Wajah Jayden tampak memucat. Jika sampai ia putus dengan Zifana, sudah pasti ini tidak akan baik untuknya. Walaupun ia sering kesal dengan sikap Zifana yang tidak mau disentuh, tetapi tidak dipungkiri kalau Zifana merupakan 'sumber kesenangannya'.

"Zi, kita harus membicarakan ini dengan baik-baik. Aku tidak mau hubungan yang kita jalin selama tiga tahun ini, harus kandas hanya karena masalah sepele seperti ini," tolak Jayden mentah-mentah. 

Apa pun caranya ia harus membuat Zifana tetap bertahan di sampingnya. 

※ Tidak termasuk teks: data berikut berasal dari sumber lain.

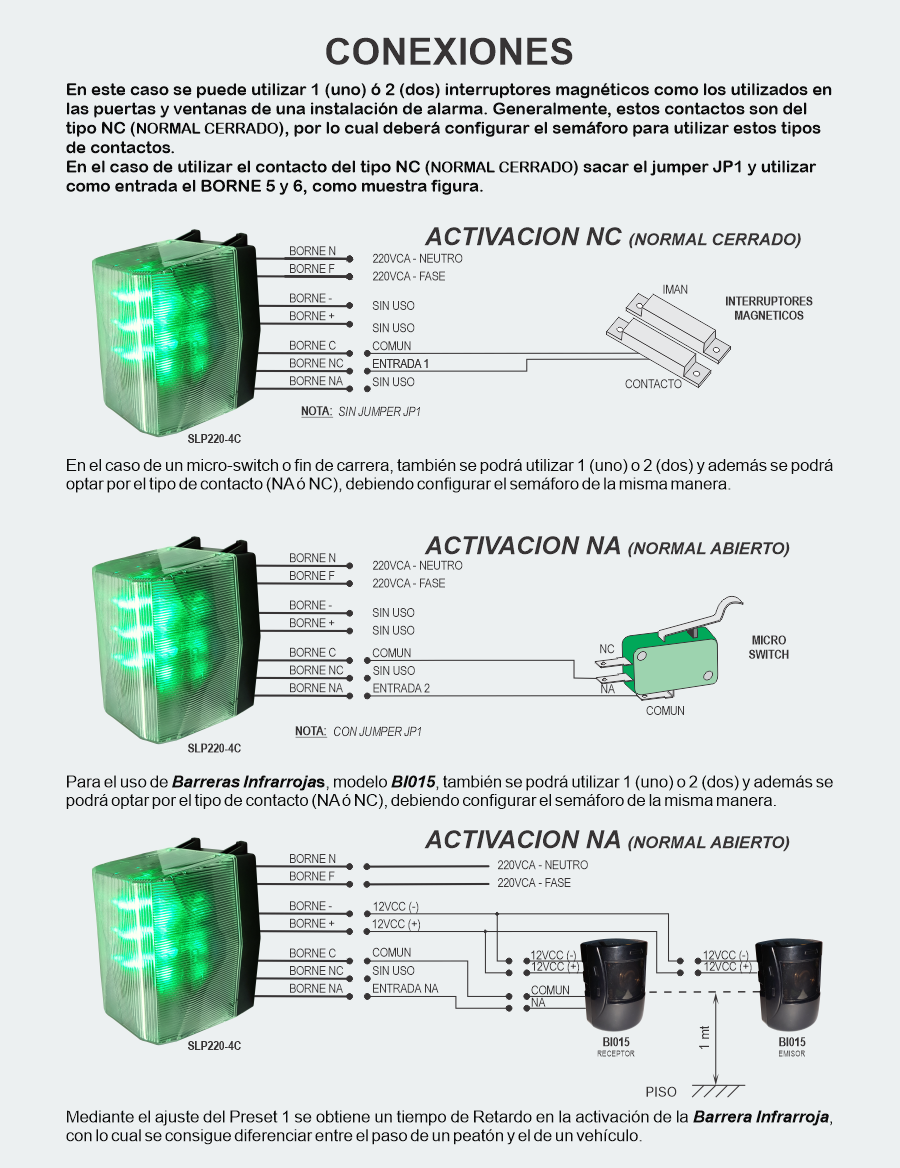 * Selección del tipo de contacto utilizado en la entrada: NA (Normal Abierto) o NC (Normal Cerrado).

"Kau sungguh sangat tidak waras, Jay! Kau bilang ini masalah sepele? Kau dan sahabatku berkhianat! Bermain di belakangku bahkan kalian sudah sampai melakukan dosa sebesar ini. Masih pantaskah ini disebut sebagai masalah sepele? Pikir, Jay! Pikir!" 

Sorot mata Zifana tampak dipenuhi kilatan amarah. Segala perasaan yang dipendamnya kini membuncah sudah. Apalagi saat melihat Leli turun dari ranjang hanya dengan berbalut selimut. 

Ah, tanda kissmark juga ada di leher dan dada Leli yang putih bersih itu. 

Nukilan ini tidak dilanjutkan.